Шрифт:
Интервал:
Закладка:
— Ваше Величество! Гвардейцы, отличившиеся в операции «Иго-го», благодарили просить… что я вру?.. просили благодарить: угощение отличное!
Тут королева Флора выступила со своей высокой оценкой упомянутой операции и ее участников. Пусть и немного она смыслила в лошадиных статях, но Милорд ей очень понравился, очень! Минут двадцать назад муж водил ее смотреть на этого сказочного скакуна…
— Милорд? Я не понял… — сказал Пенапью в странной тишине, — вы ходили смотреть на него? Куда, простите?
— В мои конюшни, принц, — куда же еще? А вы как думали? — Крадус уже ничего не стеснялся. — Кто смел, тот и съел! За что полковничьи эполеты на Удилаке? За то, что Милорд — наш! Так чего просят твои герои, полковник?
— Артистов! — улыбнулся его любимец во все тридцать два зуба. — Прикажите, Ваше Величество, тех кукольников отпустить до утра… И еще там, говорят, певуны какие-то, в подземелье, а? Их бы тоже — потому как захотелось ребятам искусством побаловаться! Не знают, как развлекаться… забыли!
— Это мой круг вопросов, полковник! Подойдите ко мне… — С этими словами Канцлер взял Удилака под руку и повел его в пустынную часть зала, что-то внушая ему вполголоса.
…Нужно было видеть принца Пенапью после всего сказанного. Выражение его лица… нет, не будем описывать: не получится! У него кружилась голова. Он потрясенно всматривался в Крадуса, в остальных, он тер свой лоб и шептал:
— Они здесь… их заперли… это все был обман…
Ничего более не выясняя, он, как сомнамбула, вышел из Дубового зала…
31
Криволинейное движение по вестибюлю привело Пенапью в закоулок, где спал в кресле Патрик, положив ноги на пуфик. А рядом примостилась та, в чью сторону уже несколько раз поворачивал принц Пенапью свое светлеющее лицо, как подсолнух за солнцем… Марселла сразу встала:
— Ваше Высочество? — и приложила палец к губам: не разбудите, мол. — Представляете, даже до его комнаты не дошли… Что-то в нем ужасно перетрудилось, наверное, — шептала она.

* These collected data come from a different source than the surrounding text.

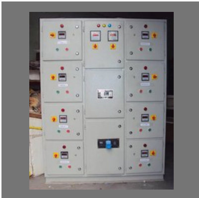
Motor Control Centre
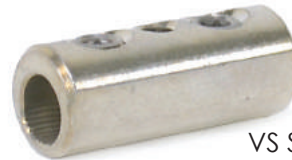
Cat No. 126214 VS Screw Connector
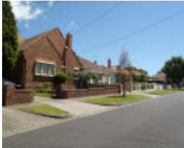
Graham St Pascoe Vale South.JPG
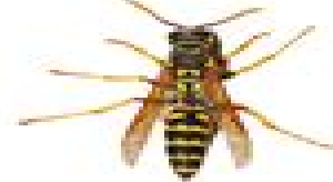
European Paper Wasp
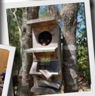
New wildlife residents
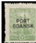
OFFER #17101 POLAND #1K11A, MINT NH OUR PRICE $72-
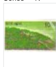
Afforestation Series = "N"

TI : 23-11-80 (14½ x 14) TII : 11-08-83 (13 x 12½) ?
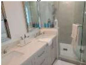
Pic. 9: Master bath
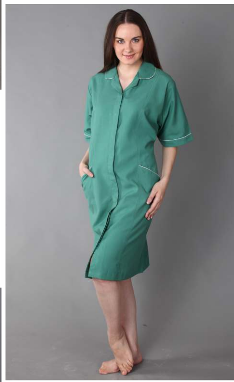
Code No 837-10
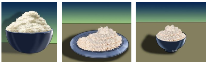
Figure 9.1 Amount of rice in bowl in the past (left), in plate at present (middle) and in pot in future (right).

Now the question is how to reduce the intake of arsenic through rice. There may be some suggestions. For example, three to four decades ago Bangladeshi preferred to eat bowl full rice (Figure 9.1). Now-a-days they prefer to eat plateful rice. In order to reduce the arsenic load, they should take potful rice. Total arsenic content of raw rice may be reduced 35 to 45% in cooked rice after rinse washing of raw rice and cook with high volume (6: 1, water: rice) of water (Raab et al., 2009). It may be adviceable to rinse rice in water until water runs clear. Then cook rice in excess water than usual. The diet should not be consumed every day. If possible, in the individual diet, rice should not be included every day. Everything depends on the motivation of people.
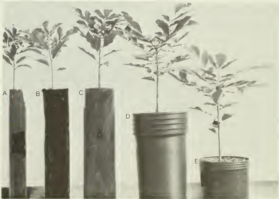
Figure 3. Average seedlings after one growing season in the nursery-container experiment. Containers are A, 3 x 24 inch; B, 4 x 24 inch; C, 6 x 24 inch; D, 10 x 20 inch; E, 10 x 10 inch.

We made a study of seedling pecan trees grown in containers of various shapes and sizes. The five container types selected for the study are illustrated in Figure 3 and described in Table 2.
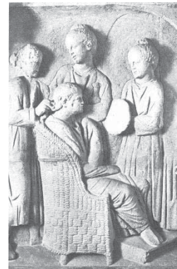
Figure 4: Stone relief showing a woman, seated on a wicker chair with high rounded back. Early 3 rd century AD. Trier Museum
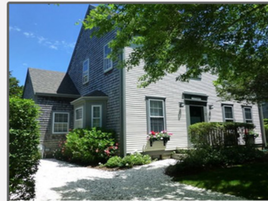
NASHAQUISSET 21 Washaman 3 bed. / 3.5 baths Weekly Rental: $4,220 - $5,480
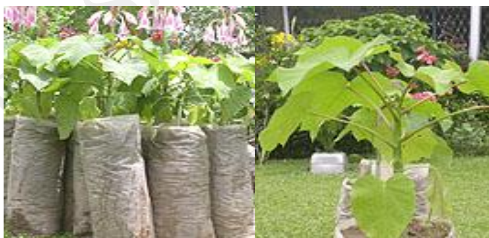
Supply of Jatropha sapling to farmers
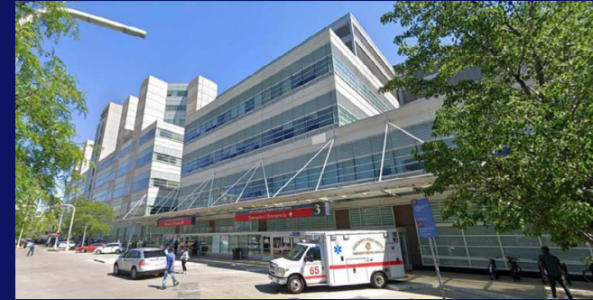
Cook County Health & Hospital Portfolio Program and Project Management Services $400 million capital improvement investment among several hospitals.
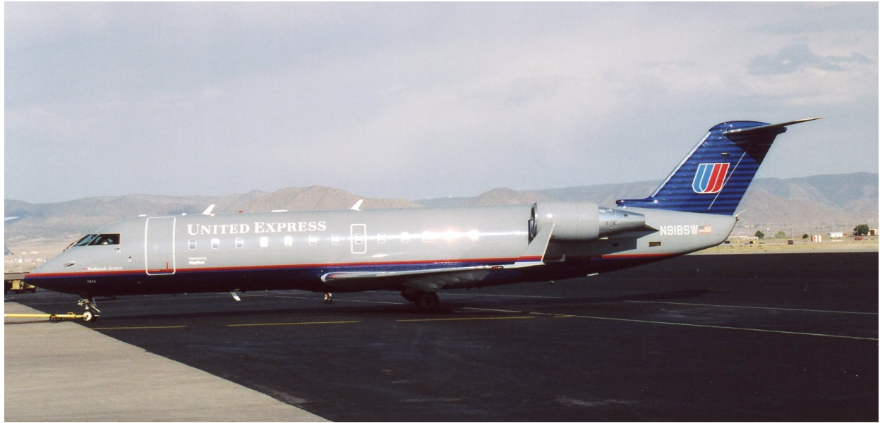
SkyWest/United Express Canadair CRJ-200 at Albuquerque in the United livery worn up until 2004.
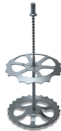
20mm OPT-20 OPT-20T(Tilttable)
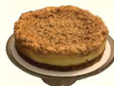
Apple Cinnamon Crunch
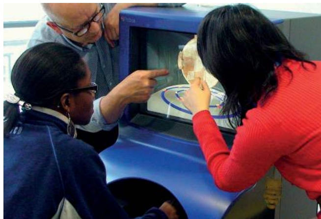
Figure 3: People interacting with an exhibit in a museum
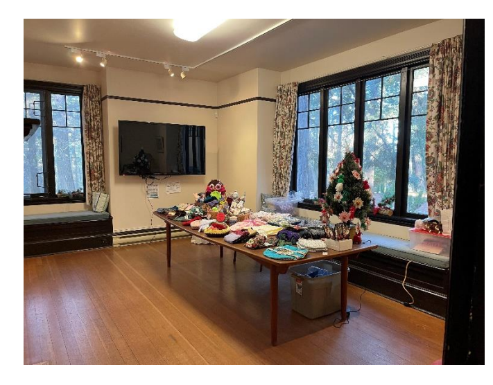
Goward House Crafters table – almost a sell out!
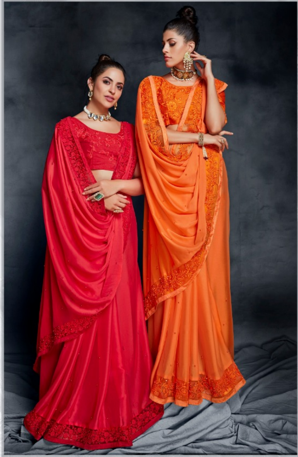
DIFFERENT CULTURES COME TOGETHER IN A TRIBUTE TO FASHION'S BIGGER MOMENT THIS SEASON # 80007#
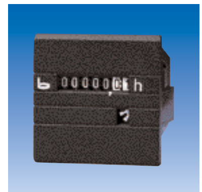
type 632.2, 632.3, 634.2, 634.3, 630.2, 630.3, 638.2, 638.3
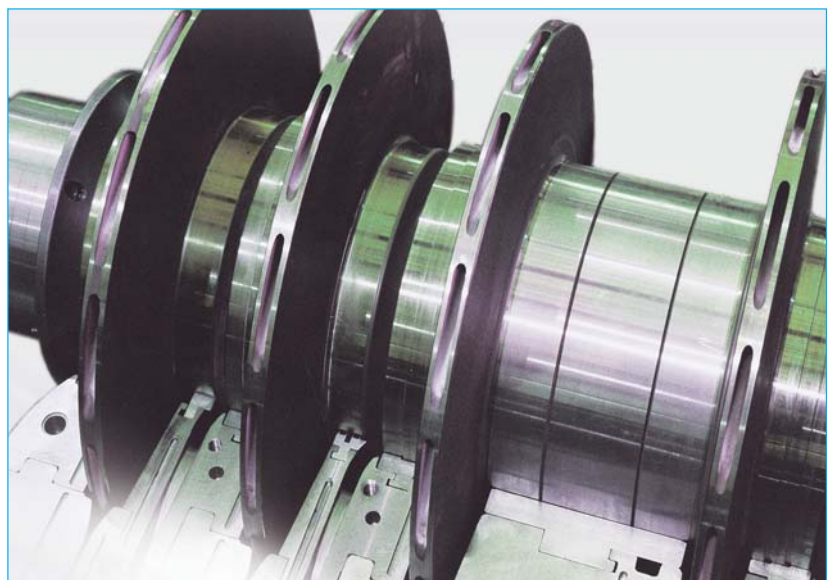
Compressor rotor details
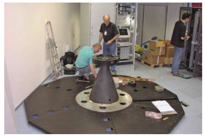
REASSEMBLING THE MASS STORAGE SYSTEM

With these technologically advanced security measures, the centre is well equipped to fulfill the important computer security requirements of the Treaty. The centre has a visitors area which presents an overview of the verification regime and allows a peek into the construction phase and the current operations.
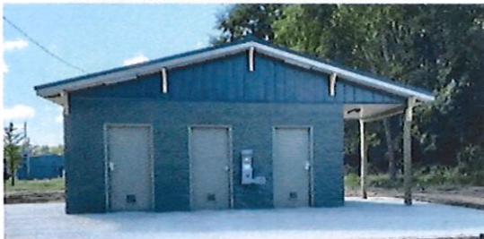
Krider World's Fair Garden Rest Area
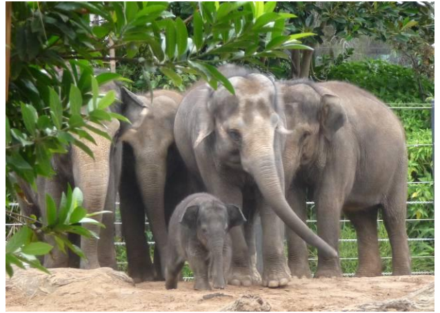
'Mali' baby elephant at Melbourne Zoo.
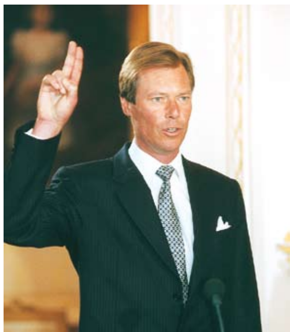
HRH the Hereditary Grand Duke takes the oath as lieutenant representative of HRH the Grand Duke Jean (4 March 1998)

Hence on 7 October 2000 Grand Duke Jean signed a grand-ducal abdication decree at the grand-ducal palace, in the presence of Grand Duchess Joséphine-Charlotte, the Hereditary Grand Duke Henri and the Hereditary Grand Duchess Maria Teresa. Her Majesty the Queen of the Netherlands, Their Majesties the King and Queen of the Belgians, other members of the grand-ducal family, representatives of the principal political institutions as well as public figures attended the ceremony.
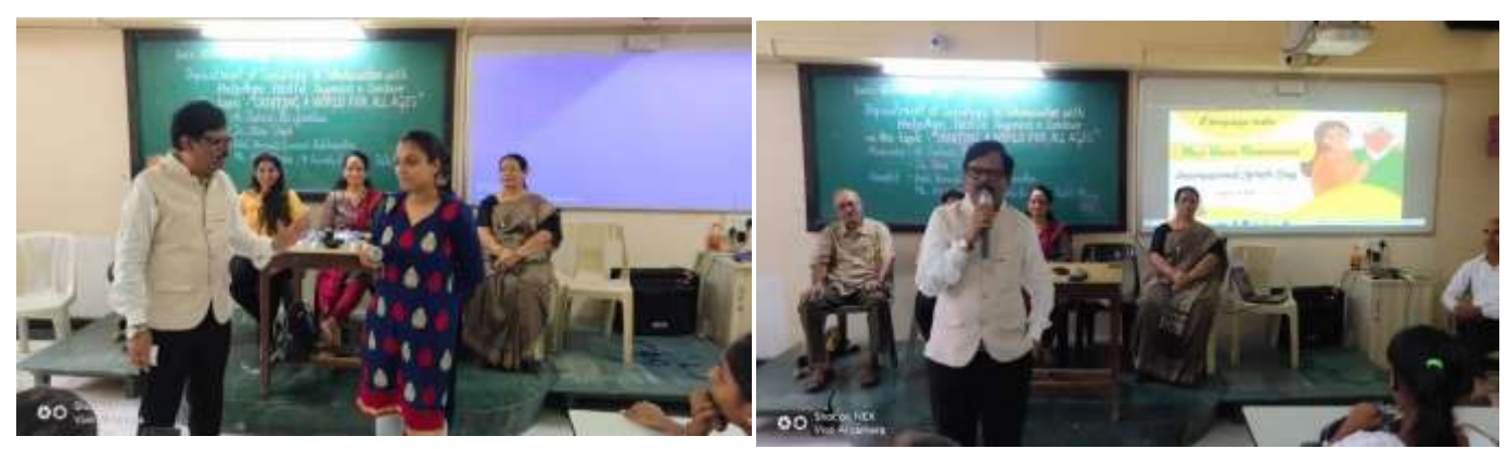
LECTURES AND INTERACTIONS
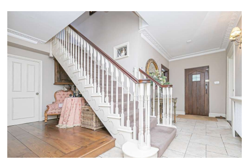
Stanford Rivers Road Marden Ash, Ongar, Essex, CM5 9BT
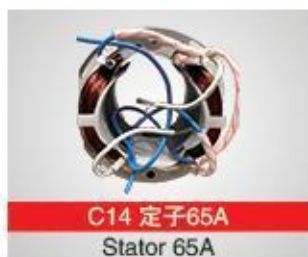
C14 定子65A Stator 65A
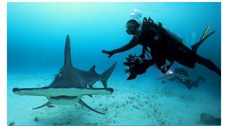
Each shark is worth $250,000 ALIVE on the reef for tourism!
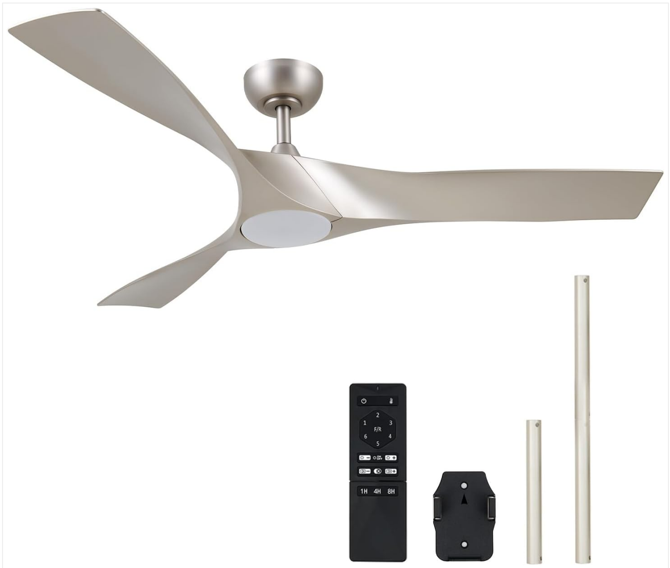
Figure 2.1: Overview of the VONLUCE 52-inch Ceiling Fan components, including the motor, three ABS blades, remote control, and two downrod options.
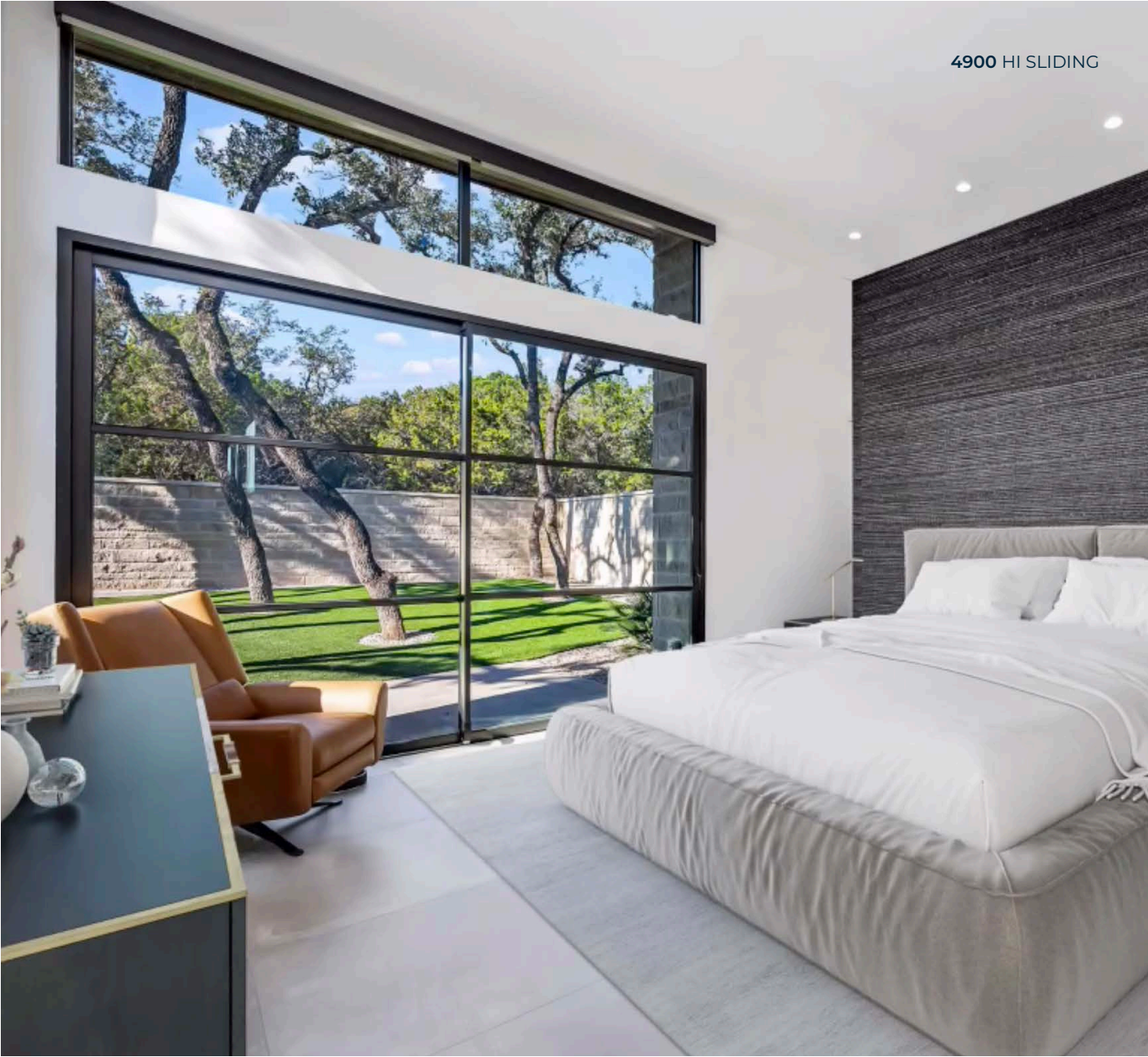
4900 HI SLIDING

Пенапью, улыбаясь страдальчески, усадил ее и сам сел, причем сел на пол, и вышло, что смотрит он на девушку снизу вверх.
— Очень его понимаю, — зашептал он в ответ. — Во мне бы тоже что-нибудь лопнуло сейчас, если б я вас не встретил… вас одну или вас обоих… Мне мало кто понравился в Абидонии… только вы да он. — Он пошарил в кармане камзола, в жилетном кармане. — Ах да, это же не мой камзол! Захотелось подарить вам что-нибудь… но у меня ничего нет: ограбили, знаете.
— Я знаю, слышала.
— Нет, вы не все знаете, Марселлочка. Меня не один раз ограбили: у вас король, оказывается… жулик. Не вздрагивайте так, это еще не самое плохое, что про них про всех можно сказать…
— О, — поразилась Марселла его проницательности. — Да вы молодец, Ваше Высочество!
— Спасибо, — зарделся он. — А вы мне напоминаете Золушку. Это, кстати, любимая моя книга… И что самое интересное — с вами, я думаю, случится то же, что и с ней: вам, милая, суждено быть принцессой!
— Мне? — Марселла испугалась сперва, потом засмеялась, зажав себе рот ладошкой.
— Вам. Потому что он поймет — не завтра, так через год, — что вы — это клад! И все кончится счастливо, как в той книге, — заключил он с искренней печалью.
— «Книга»! Сказка это! В ней десять листочков или меньше… И что общего у Патрика с тем принцем?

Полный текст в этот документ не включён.